In a way, this was a good thing for Sammie as it eventually opened the door to being a part of Freedom Road Creative Arts. For Sammie, the invitation to join FRCA was like being thrown a lifeline that she is still hanging onto. Her life was not miraculously transformed by FRCA, but she began to experience happiness.

She says: “I suppose I had a sense of feeling like I was a part of something and that people wanted me to be there. I suppose it was like being in a family and I couldn’t wait to go every week.” Freedom Road offered Sammie the chance to turn off the chaos that otherwise surrounded her.

She can’t remember how old she was when she joined FRCA, but she was a teenager. She knows she was treading a dangerous path. She was being moved from school to school and had found a group of friends. “I was drinking and using drugs, mainly drinking”, she says. “We’d stay out all night in town and get into trouble.” Sammie ended up being placed under an Anti-Social Behaviour Order (ASBO) by the courts. It meant she was banned from parts of Hull city centre.

For Sammie getting ASBO’d was a wake-up call and with the help of her older sister Tanya and Freedom Road she began to change. She explains: “I just realised I didn’t have to be like that and I had enough good people around me to help me change my life.” Tanya and her friend, Katie, got Sammie a job at Burger King and Sammie’s Freedom Road family united around her in an unexpected way. Sammie was entered into a busking competition with Viking Radio in Hull. She came in the top ten and was asked to busk outside the station, somewhere Sammie was banned from under her ASBO. She says: “I remember thinking that that was it for me, but everyone at Freedom Road was determined that I should get the chance. I can’t believe what they did”.

Ian Bolton managed to convince the powers-that-be that performing in a place Sammie had once terrorised was part of her journey to being a better person. It seems that he was right. She explains: “I was trying to become a different person and I look back now and I think it was really important that I did busk at the station because it was a chance to show I really meant that I wanted to be someone different. It was an amazing experience and it really helped me.”
It also led to a newspaper story and Sammie being invited on to the TV show Surprise Surprise where she was given a guitar that had been donated by Danny O’Donoghue from The Script. Sammie says that she clammed up during the filming and that she didn’t make the final cut, but she doesn’t care because the fact was her journey was recognised as a remarkable achievement. The guitar is now in regular use at FRCA. 

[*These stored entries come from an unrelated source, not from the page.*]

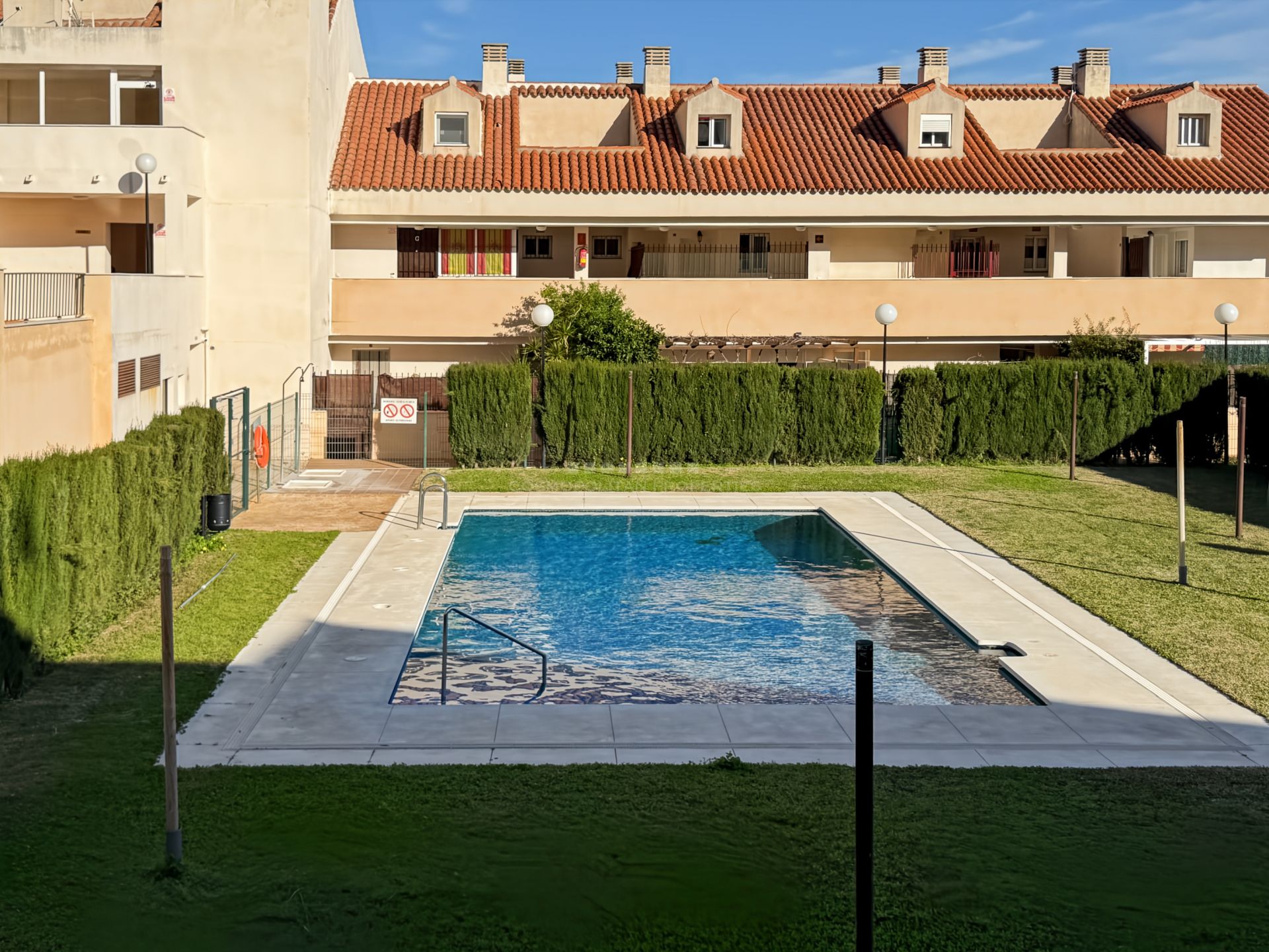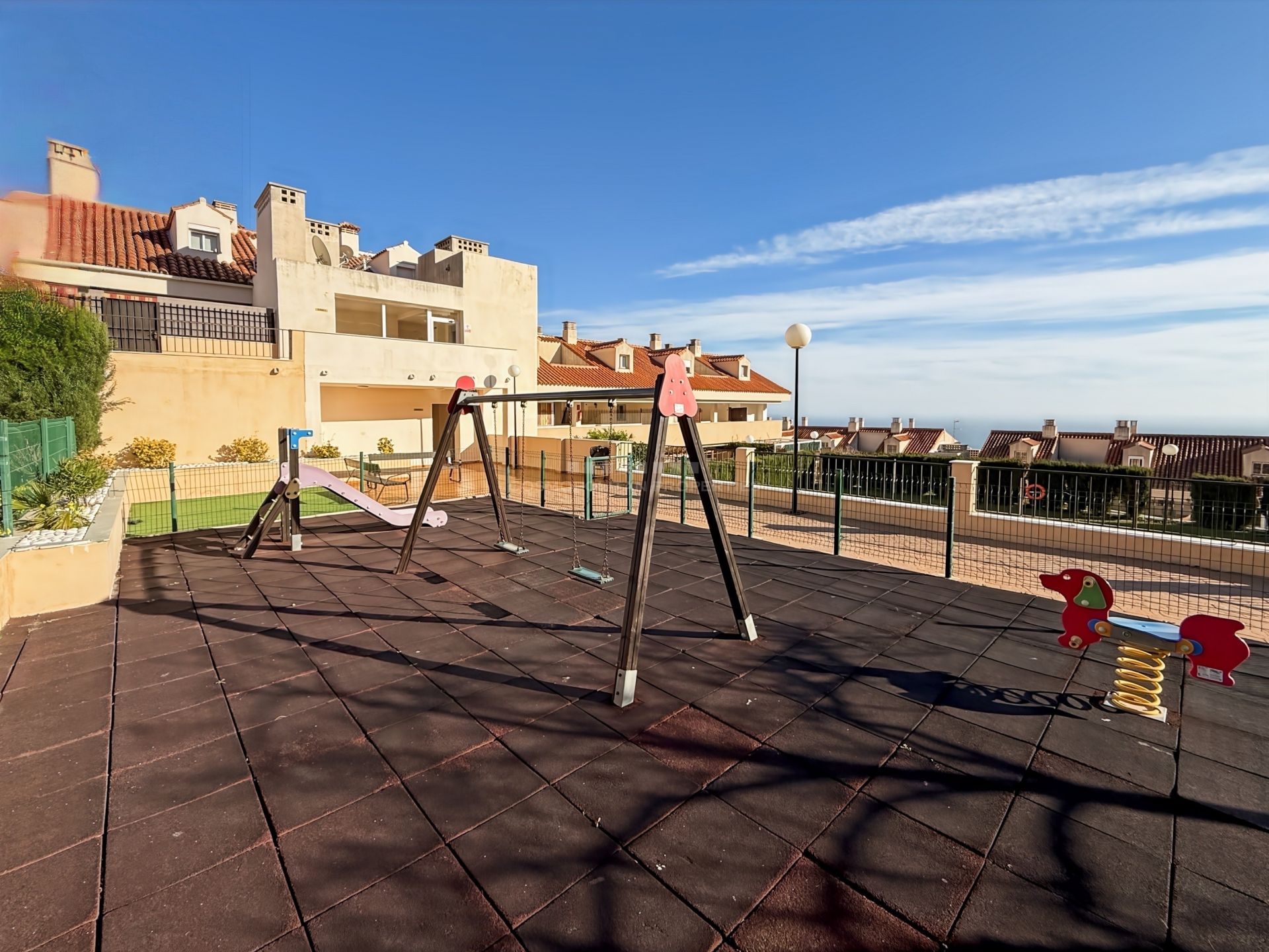 Ubicado en un recinto cerrado con amplias zonas comunes, 2 piscinas y parque infantil, ideal para familias o como residencia habitual en un entorno seguro y relajado.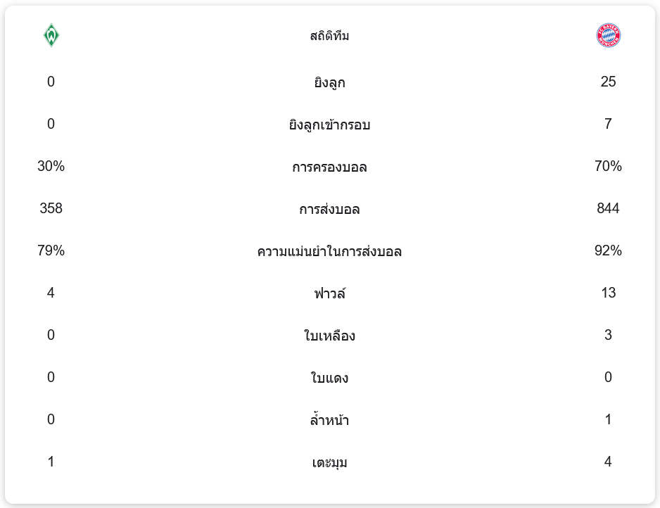 ในแมตช์นี้ บาเยิร์น มิวนิค ครองบอลมากถึง 70% และมีการส่งบอลถึง 844 ครั้ง ความแม่นยำในการส่งบอลอยู่ที่ 92% นอกจากนี้พวกเขายังมีโอกาสยิงถึง 25 ครั้ง โดยยิงเข้ากรอบ 7 ครั้ง ขณะที่ แวร์เดอร์ เบรเมน มีโอกาสยิงเป็นศูนย์ การครองบอลเพียง 30% แสดงให้เห็นถึงความแตกต่างที่ชัดเจนในเกมนี้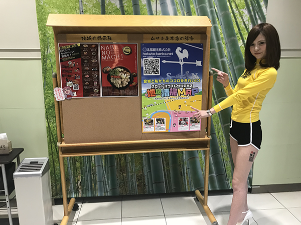 オススメ店舗の紹介や町の清掃活動に参加していることなど、地域に根付いたホールづくりをおこなっている「スロットハウスムサシ矢本店」。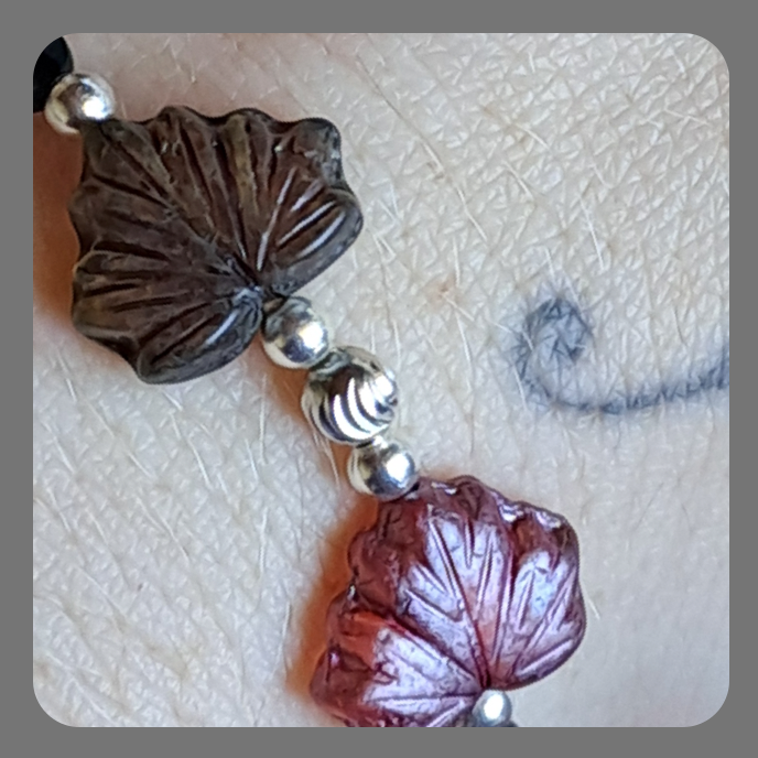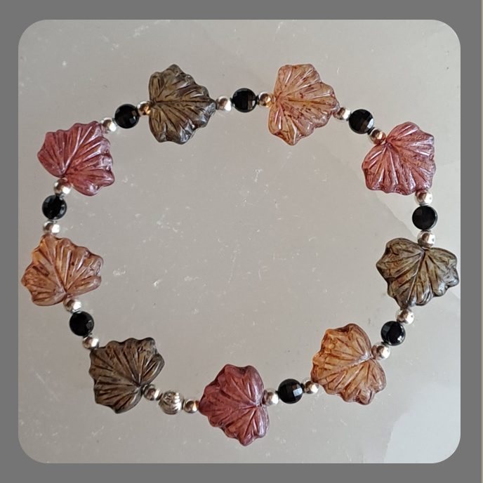 Pretty bracelet made with coloured Czech glass leaves, Black Spinel and sterling silver.

Sammie’s Freedom Road family still means the world to her. She says: “I truly believe I would be in prison or I’d be 6ft under if I hadn’t had the chances and support they gave me.” Instead, Sammie found love with Ryan who was her boss at Burger King. She jokes that she hated him at first because she doesn’t like being told what to do. She says they eventually clicked and they have lasted. They have two children, Freddie and Faye. Faye is already a regular at Freedom Road.

For Sammie life remains bittersweet. In December 2019 she lost part of her sight in her left eye, by March 2020 she was severely sight impaired. After spending several weeks in hospital Sammie was diagnosed with an autoimmune condition, which affects her sight, her hearing and causes swelling to the brain. The condition is now under control with medication, but her sight loss is irreversible. It has made it difficult for her to find work and that is difficult as she’d love to work. She lives for her children. She says: “It’s hard but I can’t change what has happened as I did before in my life, when I was out of control. I cannot let my children down. I have to be strong for them and accept what has happened to me.”

She says knowing her sister Tanya and her many friends at Freedom Road are always there to turn to makes all the difference. “It’s really hard, but every day I get up and I think of what I learned over the years and how I want my children to have happy memories like I have from Freedom Road, and I will do everything I can to give them that.”